Say we have a tensor of input values $\mathbf{x} \in \mathbb{R}^n$, and we evaluate a function $g$ at each $x_i$, such that $y_i = g(x_i)$ and $\mathbf{y} \in \mathbb{R}^n$, then we have a vector-valued function of a vector variable, namely $f : \mathbb{R}^n \to \mathbb{R}^n$, and $g$ is applied to each $x_i$ . How to compute tensors (sequences) of individual derivatives $y_i', y_i'', \dots$ with torch::autograd?

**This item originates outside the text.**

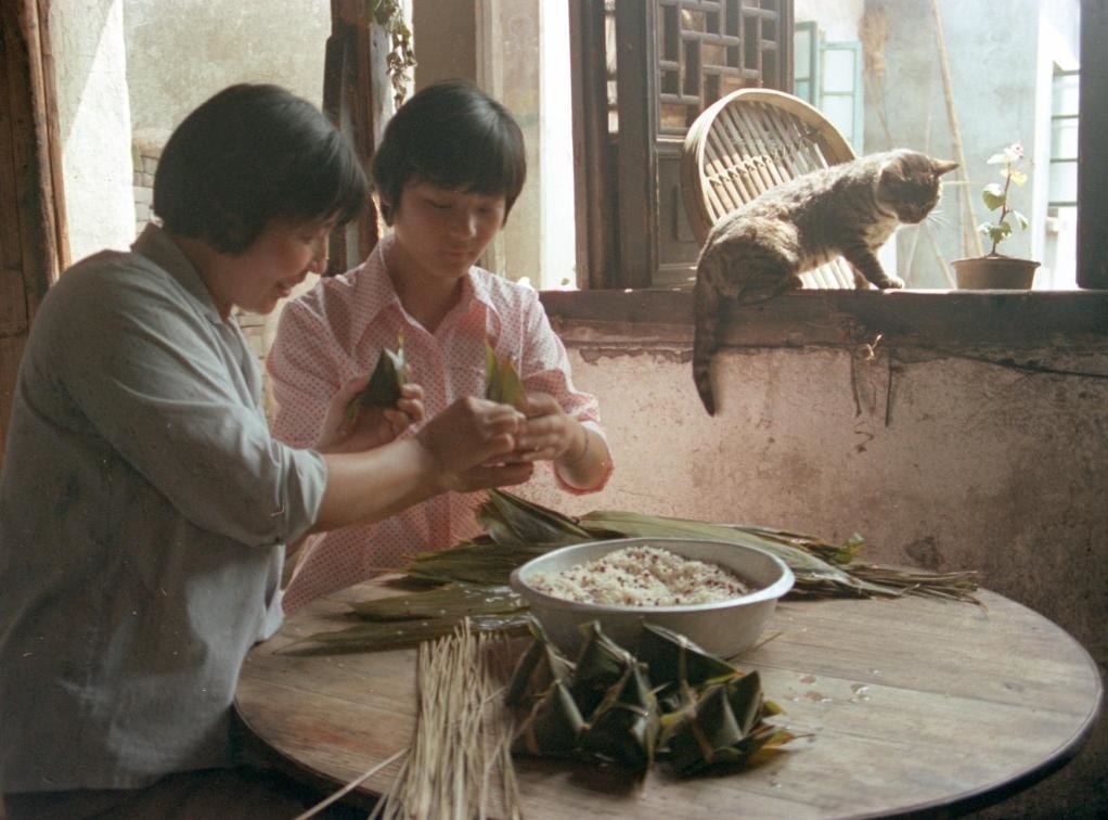 1955年,居住在廣州市華僑眷屬一家人在包粽子。

Let’s use $g(x_i) = \sin(x_i)$, and $\mathbf{x} = [0, 0.001, 0.002, \dots 1]$ for example.

Since

$$\mathbf{y} = f(\mathbf{x}) = [sin(x_1) \ sin(x_2) \ \dots sin(x_n)],$$

the Jacobian

$$J_f = [\partial_{x_1} \mathbf{y} \ \partial_{x_2} \mathbf{y} \dots \partial_{x_n} \mathbf{y}] $$

is again diagonal, namely

$$ J_f = \begin{bmatrix} cos(x_1) & 0 & 0 \\\
0 & cos(x_2) & 0 \\\
\vdots & \ddots & \vdots \\\
0 & 0 & cos(x_n) \end{bmatrix}. $$

The calculation of $\mathbf{y}$ is done exactly like in the previous example, only, depending on $n$, the difference in computational time between

$$\nabla \cdot \nabla f = (J_f \cdot I) \cdot [1 \ 1 \ 1 \ \dots 1]$$

and

$$\nabla \cdot \nabla f = (J_f \cdot [1 \ 1 \ 1 \ \dots 1]) \cdot [1 \ 1 \ 1 \ \dots 1] $$

can be significant.

Important: when working with torch::autograd, know your Jacobian.

Summary

The torch::autograd uses reverse-mode Automatic Differentiation to compute derivatives exactly. The calculation computes the Jacobian of the expression dotted with a vector (tensor, matrix) $\mathbf{v}$, $J\cdot \mathbf{v}$, that is defined by the user. The shape and contents of $\mathbf{v}$, and subsequent matrix-vector operations are used to compute differential operators like $\nabla$, $\nabla \cdot$ and $\nabla \times$.

Data

The code is available on GitLab.

References

(1) Griewank, A., & Walther, A. (2008). Evaluating derivatives: principles and techniques of algorithmic differentiation. Society for Industrial and Applied Mathematics.

(2) Paszke, A., Gross, S., Massa, F., Lerer, A., Bradbury, J., Chanan, G., … Chintala, S. (2019). PyTorch: An imperative style, high-performance deep learning library. Advances in Neural Information Processing Systems, 32(NeurIPS).